Writers work with words. As a writer, I just love words in general. Over time, I have come across some words that, through meaning and sound, became my favorites. All definitions are from dictionary.com unless otherwise stated. Words are listed in reverse alphabetical order.

Queue – A braid of hair worn hanging down behind; a file or line of (someone or something) awaiting their turn. I also love how this word insists on having two unnecessary, but aesthetically pleasing, letters at the end.

Liaison – A person who initiates and maintains a contact of communication.

Colloquial – Characteristic of or appropriate to ordinary or familiar conversation rather than formal speech or writing; informal.

Emily Dickinson silhouette in Amherst; 2011.
Emily Dickinson silhouette in Amherst; 2011.

Antiquest – This word is not found in the online archives, and is my favorite word because it was coined by my favorite poet.
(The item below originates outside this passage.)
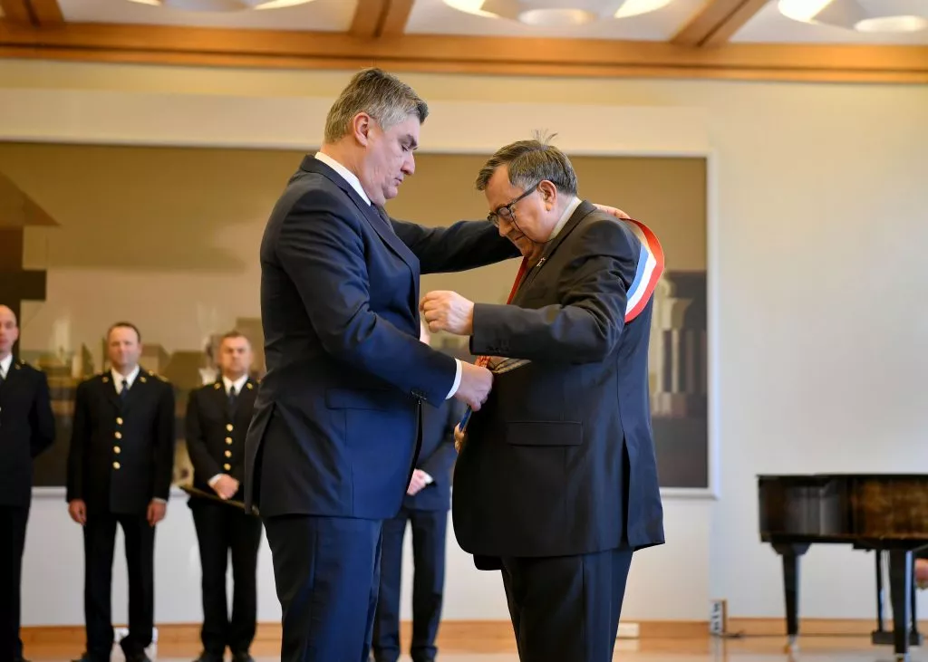 (Patria) - Predsjednik Republike Zoran Milanović odlikovao je Veleredom kralja Dmitra Zvonimira s lentom i Danicom Vinka kardinala Puljića, nadbiskupa metropolita vrhbosanskog. Odlikovanje kardinalu Puljiću dodijeljeno je za izniman doprinos u očuvanju hrvatskog identiteta te za iznimne uspjehe u međureligijskom, kulturnom i humanitarnom djelovanju. Odlikovanje je primio uz sevdalinku "Tebi majko misli lete".
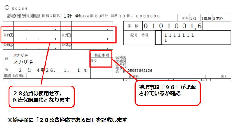 例)社会保険・災害・28公費適応の方のレセプトの場合

Emily Dickinson created this word to mean “Most acutely; most hauntingly; most nostalgically; most memorably” (x). Think “antiquity” but at its most potent meaning. To be honest, when I first heard of this word, I imagined a journey that was the opposite of a quest, or a journey with no motive (think Anti-quest rather than Antique-est). I like to pretend that this definition is included.

I am attracted to words with L, S, and Q sounds. I find these sounds graceful and delicate. I think it’s beneficial for writers to identify what their favorite words are to discover what sounds the writer’s ears are attracted to the most. I think that this can be linked to the writer’s style, though that would take some further analysis.

Do you have any favorite words? I’d love to read them!